REQUIREMENT: Would you restate the full listing word for word and omit its pictures?

- Opening Delimiter -

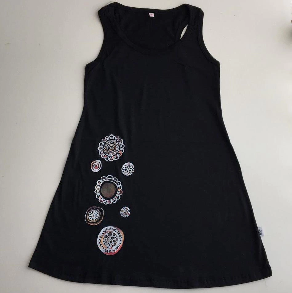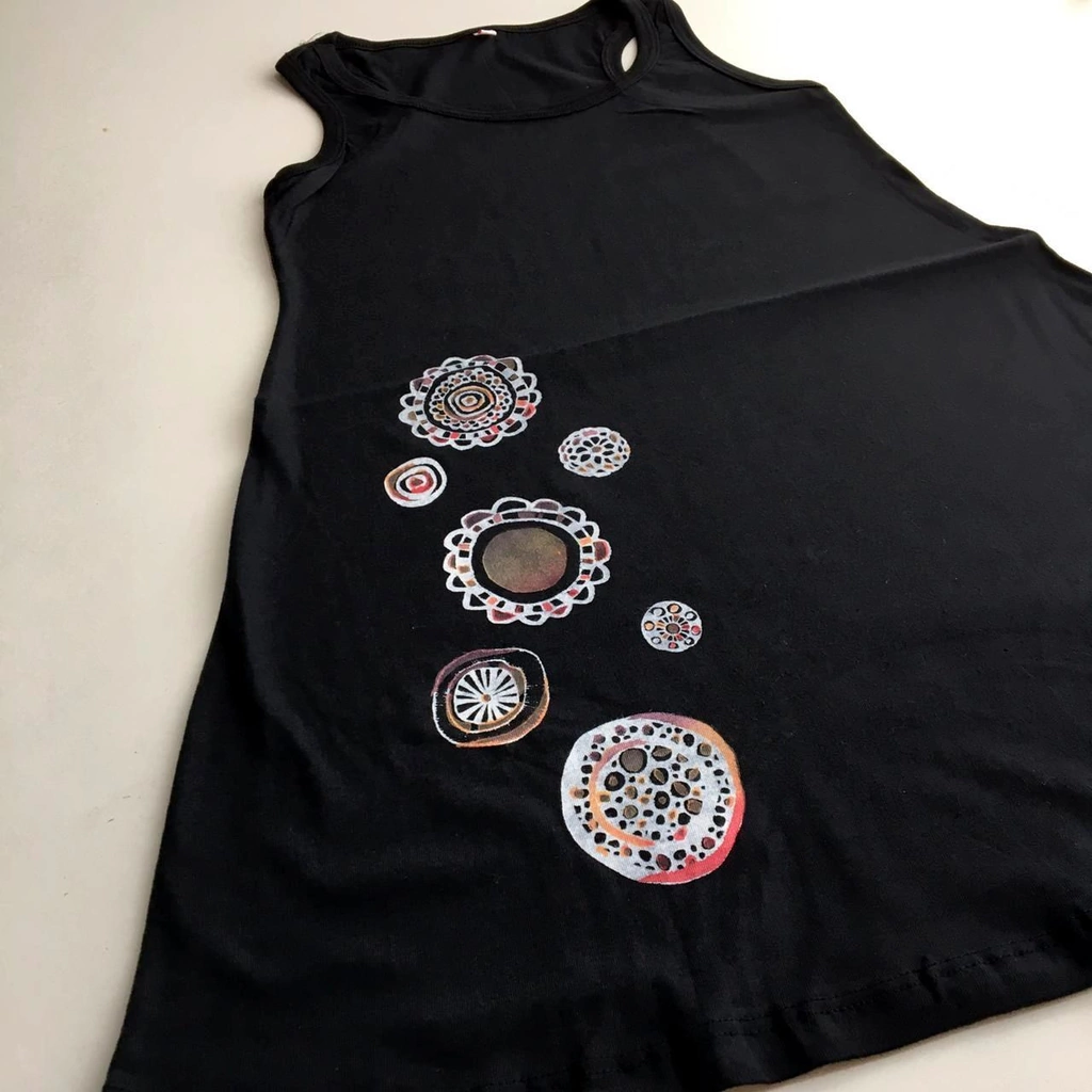 Vestido de algodón pintado y teñido a mano.
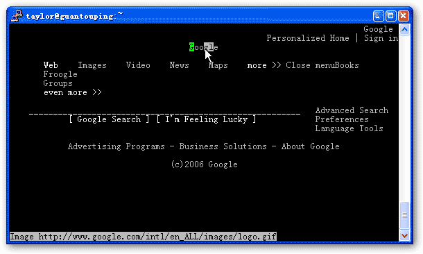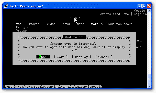 看下面的这个图片,用 Links 打开了 Google 的首页,用鼠标去选中 顶部中间的 Google,我们会发现,弹出了保存的对话框。
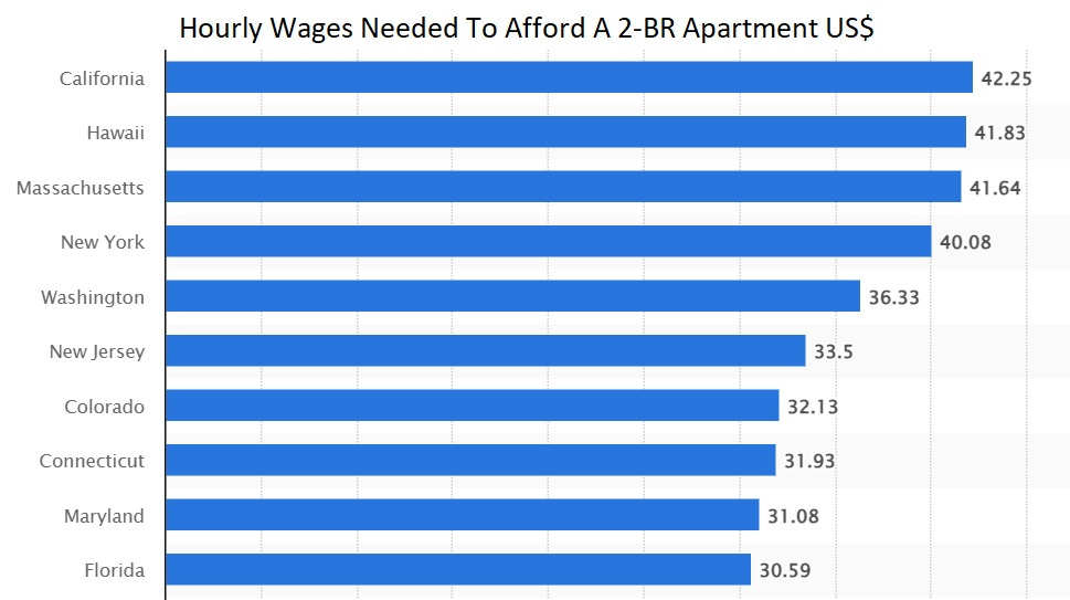 Rental apartments were cheap in the 1970s and 80s, but since then, inflation has sent them up much faster than incomes. In high-cost-of-living states, it takes an hourly wage of between $30 and $42 to afford a 2-BR apartment. $30/hour equals $60,000 per year. How many millennial or Gen-Z workers make that kind of money? Probably fewer than half.
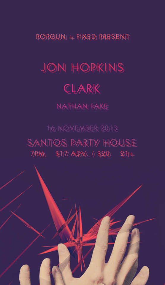 Jon Hopkins, Clark, Nathan Fake @ Santos Party House 7pm ($10) Jon Hopkins has lost the much revered Mercury Prize twice. That’s two times more
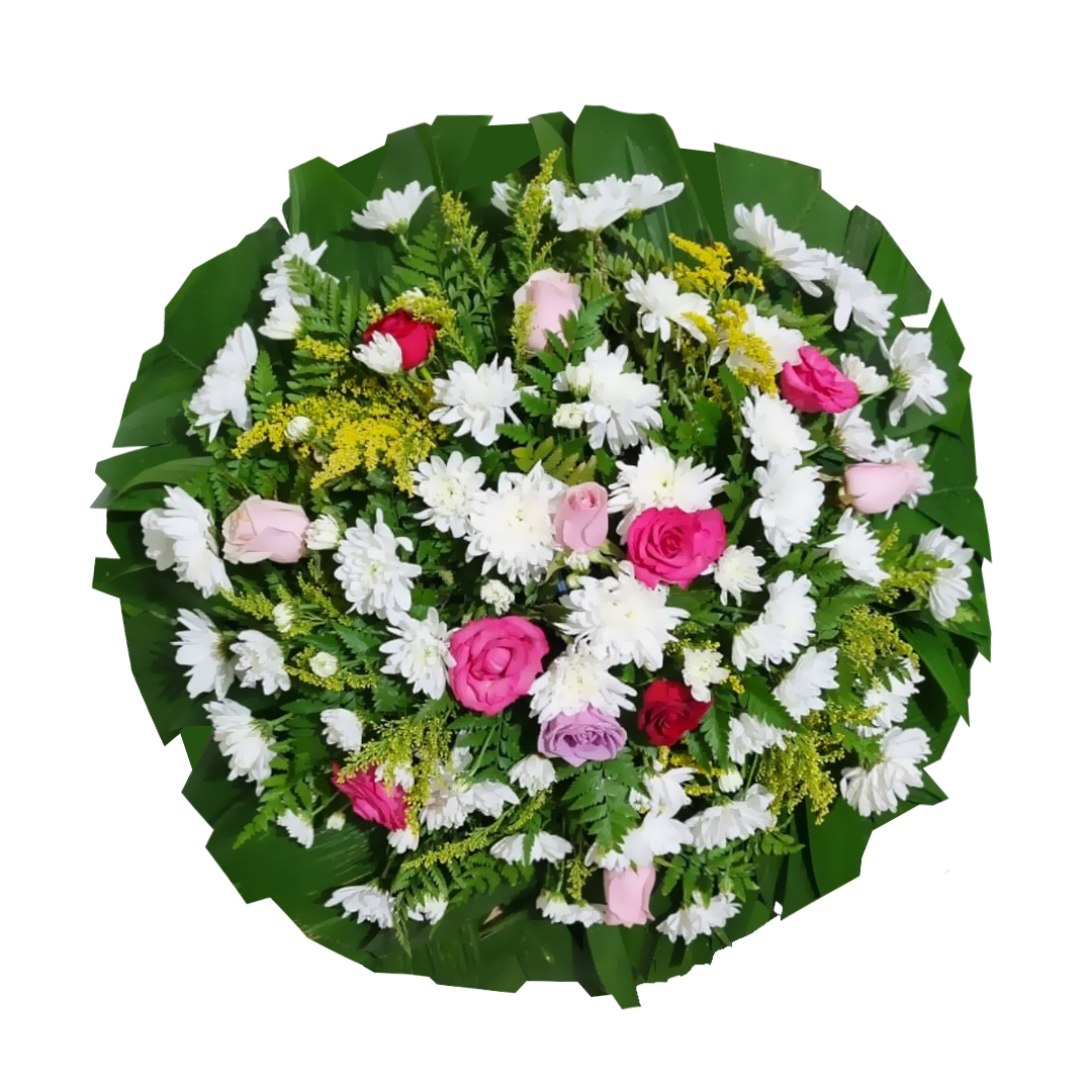 Flores em tons Rosa, Lilás, Vermelho e Branco. Folhagem especial que compõem esta Coroa de Flores tradicional que normalmente vemos em Velórios de pessoas de todas as idades e religiões.

- Closing Delimiter -

RESULT:
 Vestido de algodón pintado y teñido a mano.
 看下面的这个图片,用 Links 打开了 Google 的首页,用鼠标去选中 顶部中间的 Google,我们会发现,弹出了保存的对话框。
 Rental apartments were cheap in the 1970s and 80s, but since then, inflation has sent them up much faster than incomes. In high-cost-of-living states, it takes an hourly wage of between $30 and $42 to afford a 2-BR apartment. $30/hour equals $60,000 per year. How many millennial or Gen-Z workers make that kind of money? Probably fewer than half.
 Jon Hopkins, Clark, Nathan Fake @ Santos Party House 7pm ($10) Jon Hopkins has lost the much revered Mercury Prize twice. That’s two times more
 Flores em tons Rosa, Lilás, Vermelho e Branco. Folhagem especial que compõem esta Coroa de Flores tradicional que normalmente vemos em Velórios de pessoas de todas as idades e religiões.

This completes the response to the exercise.